After Clause 107, insert the following new clause:

"Application of provisions about listed buildings to buildings in conservation areas

107E.—(1) Sections 107B. 107C and 107D above shall, with the modifications mentioned in subsection (2) below, have effect in relation to buildings subject to directions made and confirmed under section 8 of the Town and Country Planning (Amendment) Act 1972 (control of demolition in conservation areas in England and Wales) as they have effect in relation to listed buildings.

(2) The modifications subject to which those sections are to have effect by virtue of subsection (1) above are—

  1. (a) for references to section 55 of the Town and Country Planning Act 1971 there shall be substituted references to that section as applied by Schedule 2 to the Act of 1972; and
  2. (b) for references to a building being included in a list under section 54 of the Act of 1971 there shall be substituted references to a building being subject to a direction made and confirmed under section 8 of the Act of 1972".—(Lord Hughes.)

On Question, Amendment agreed to.

LORD HUGHES

My Lords, I beg to move Amendment No. 44.

Amendment moved—

After Clause 107 insert the following new clause:

Temporary provision for rehabilitation of unfit houses

107F.—(1) This section applies to any building comprised in a clearance area under Part HI of the Housing Act 1957 which—

  1. (a) at any time before the date on which this section comes into operation, has been purchased by agreement by the local authority in whose area the clearance area falls, or
  2. (b) is subject to a compulsory purchase order—
  1. (i) made at any time before that date under the said Part III, and
  2. (ii) which, at any time before the expiry of the period of three months beginning with that date, has been confirmed in accordance with Schedule 3 of the Act of 1957.

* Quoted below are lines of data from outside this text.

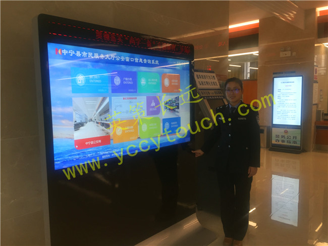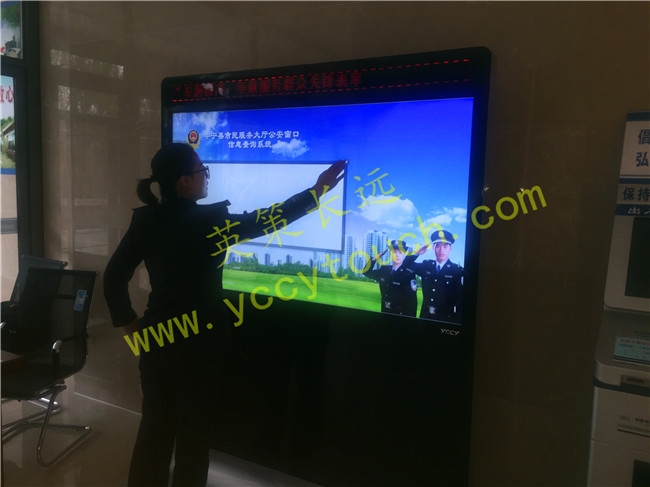 此次下屬公安部門與英策公司合作定制的70寸觸摸查詢系統,更好的展示公安系統服務的形象,辦事更透明,群眾更放心.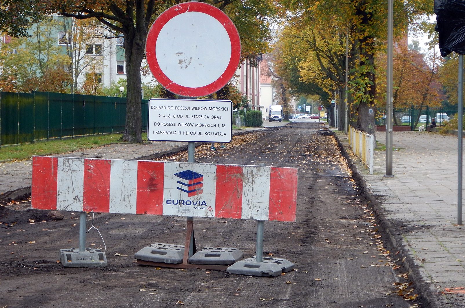 Do 31 grudnia 2017 r. potrwa remont ulicy Kościuszki. W pierwszym etapie wyłączona z ruchu zostanie ulica Kościuszki na odcinku od ulicy Kołłątaja do ulicy Batalionów Chłopskich. Dojazd do posesji przy ulicy Wilków Morskich nr 2, 4, 6, 8 będzie się odbywał od ulicy Staszica, a do posesji Wilków Morskich nr 1, 13L oraz Kołłątaja 11, 11D od ulicy Kołłątaja.
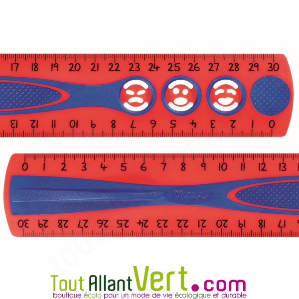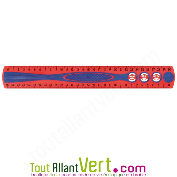 Cette règle rougeet bleue de 30 cm est flexible. Ecologique, elle est fabriquée à partir de bouteilles d'eau recyclées à 60%. Idéal école avec ses grip anti-dérapant qui empêche la règle de glisser sur le papier lors du traçage. Parfait pour apprendre à faire de beaux traits. Colorées, elles sont attirantes pour les enfants. Graduée en cm sur les 2 bords. Poignée de préhension.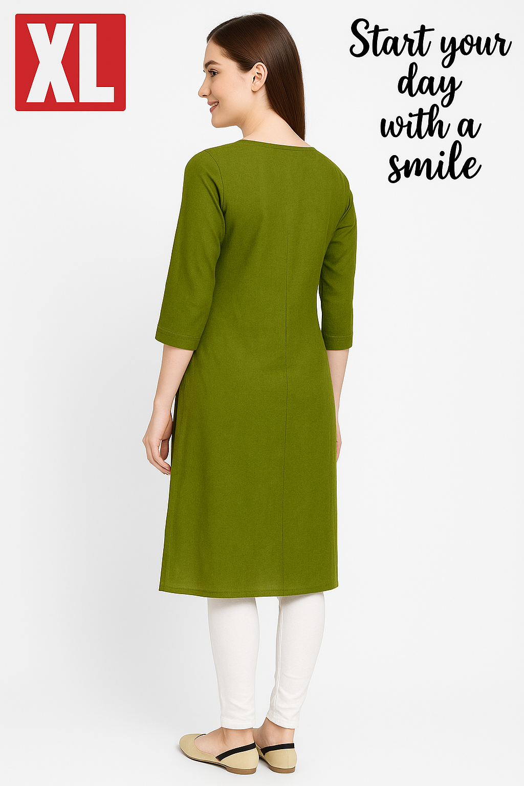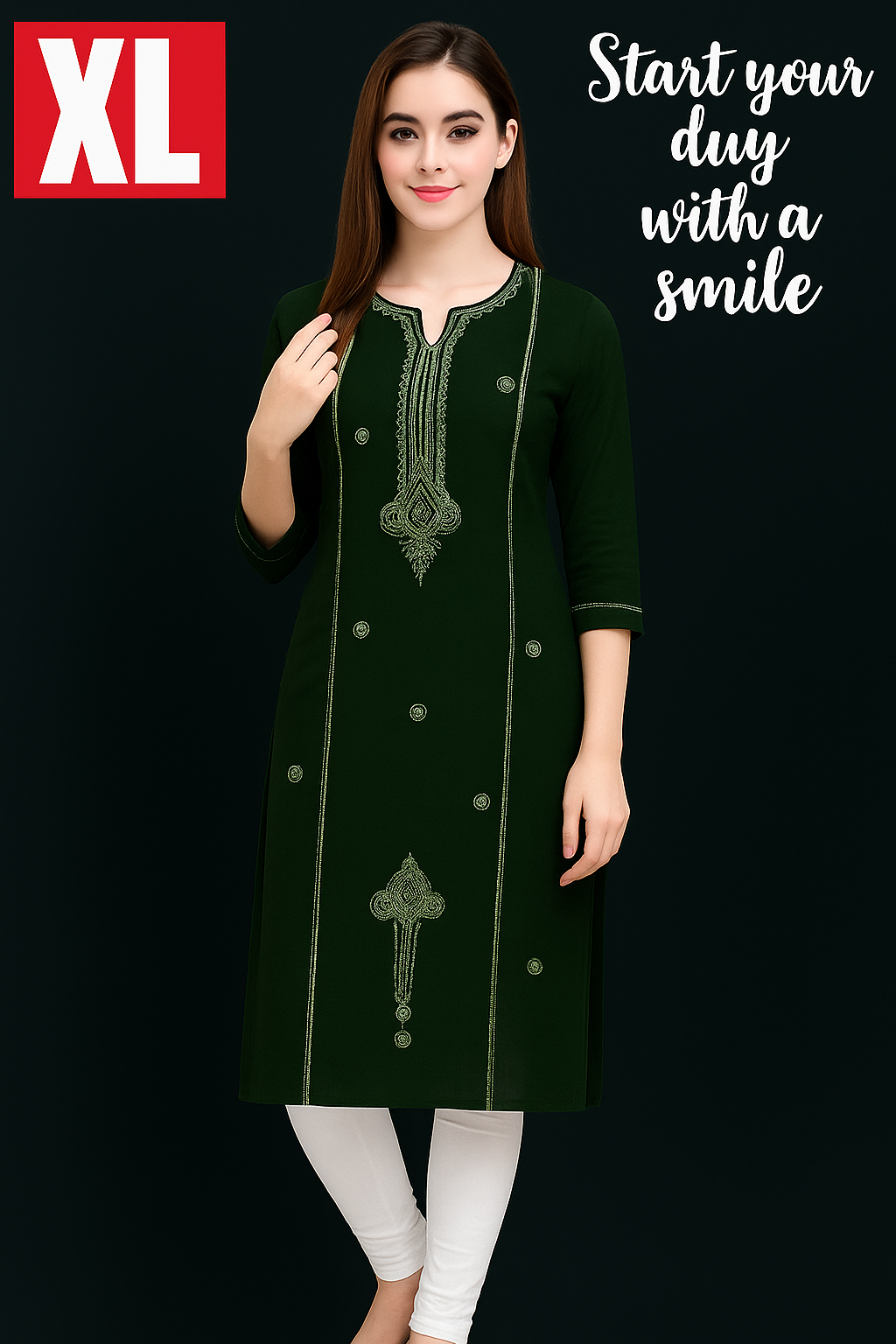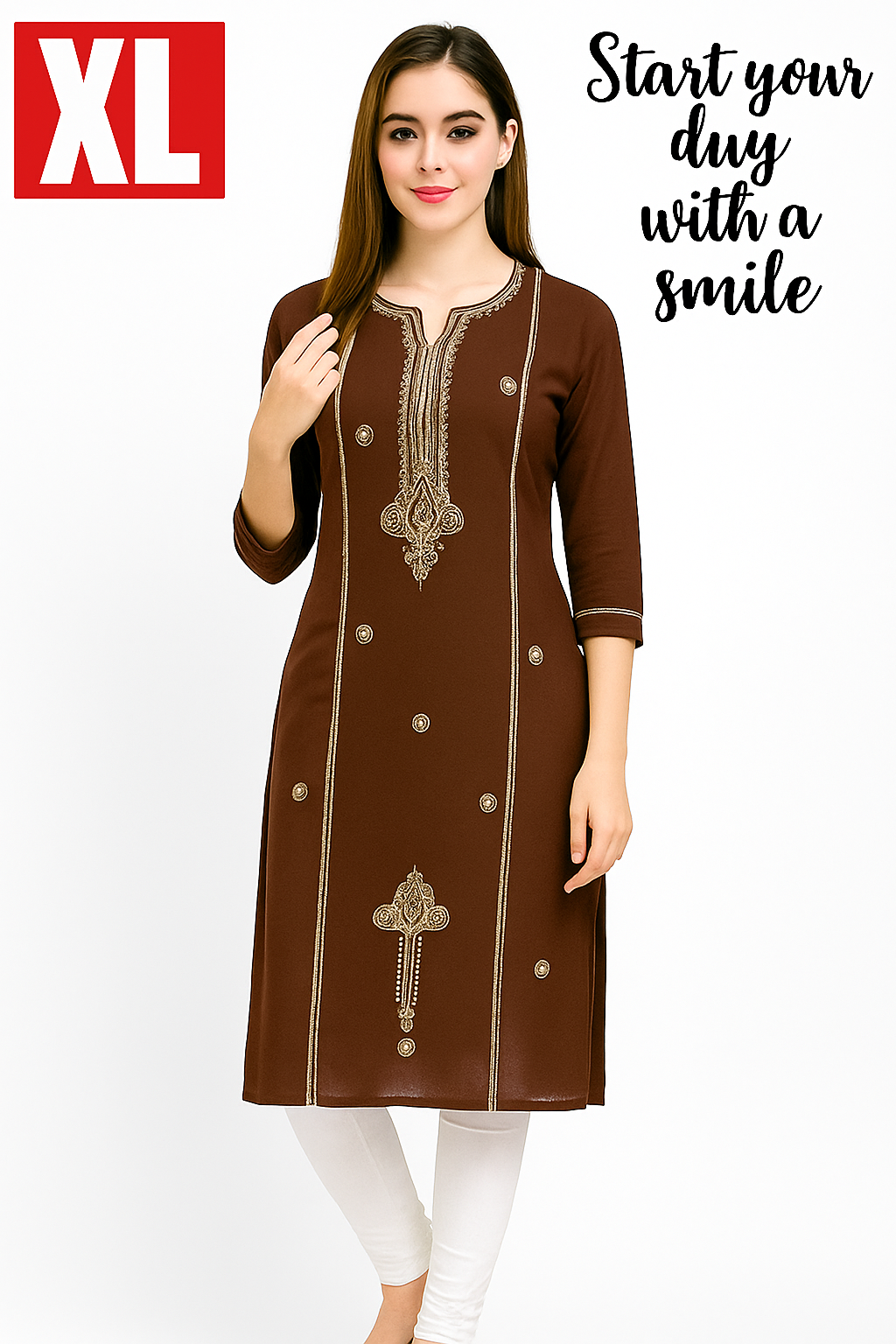 Add a splash of elegance and color to your everyday ethnic wardrobe with this beautifully embroidered straight kurti, available in five stunning shades β Pink, Yellow, Light Green, Dark Green, and Brown. Crafted from comfortable, breathable fabric, this kurti combines traditional charm with a modern silhouette, making it a versatile pick for daily wear, office days, or casual outings.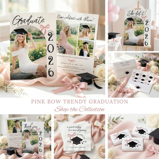 Celebrate her incredible achievement with this personalized graduation invitation for the Class of 2026, featuring the word “Graduate” in modern script typography. Designed with a white background, delicate pink bow bow accent, and elegant vertical class year layout, this invitation is perfect for highlighting a confident, accomplished graduate.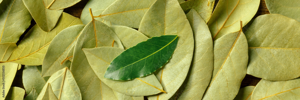 Fotografie Green bay leaf panorama on a background of dried laurel leaves, shot from the to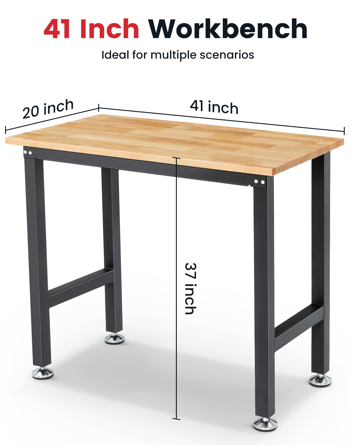 2. MONIKÄYTTÖINEN TYÖTASO – Puinen työtaso on sileä ja tilava (41' x 20'), joten sitä voi käyttää myös tietokonepöytänä, työpöytänä, ruokapöytänä tai askartelupisteenä. Se sopii hyvin autotalliin, puutarhaan, kotiin ja toimistoon, ja luonnollinen sävy mukautuu monenlaisiin sisustustyyleihin. Sileä kumipuutaso on helppo puhdistaa ja pitää kunnossa.
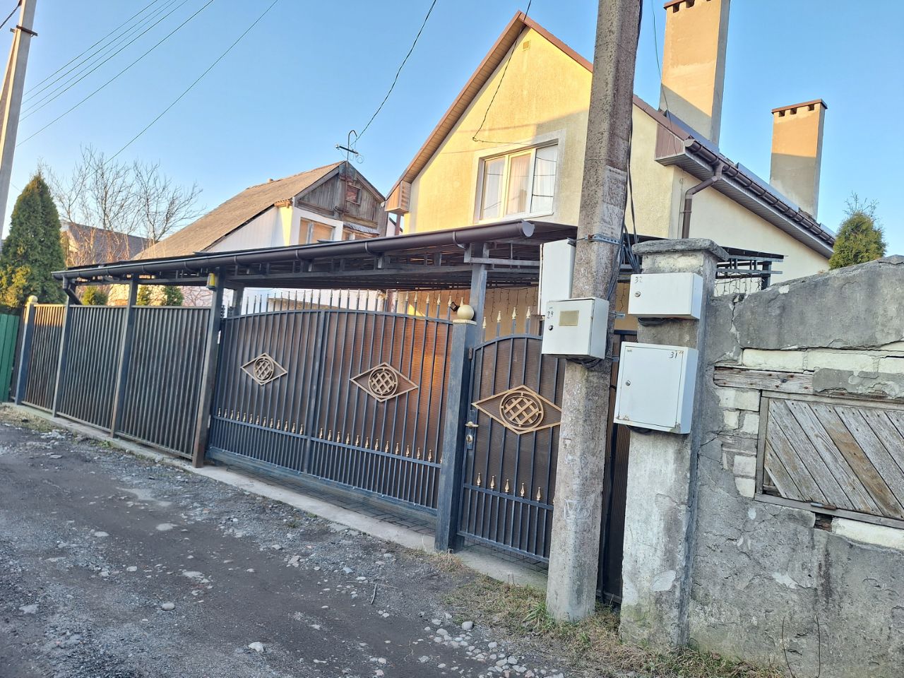 В дом проведен газ, стоит двухконтурный газовый котел, водоснабжение осуществляется через скважину, а канализация — биосептик.

(2) Where any building to which this section applies—

  1. (a) was included in the clearance area solely by reason of its being unfit for human habitation. and
  2. 1725
  3. (b) in the opinion of the authority concerned is capable of being, and ought to be, improved to the full standard,
the authority may, subject to the provisions of this section and of Schedule 8 to this Act, make and submit to the Secretary of State an order under this section (a "rehabilitation order") in relation to that building.

(3) In subsection (2) above "full standard" in England and Wales means the standard attained by a dwelling in respect of which the conditions mentioned in section 65(2) of this Act are fulfilled and in Scotland means the standard specified by virtue of section 16(3) of the Housing (Scotland) Act 1974; and in the application to Scotland of subsection (2)(a) above the words from "solely" to "habitation" shall be omitted.

(4) Schedule 8 to this Act shall have effect for the purpose of supplementing the provisions of this section.").—(Lord Hughes)

On Question, Amendment agreed to.

LORD HUGHES

My Lords, I beg to move Amendment No. 45.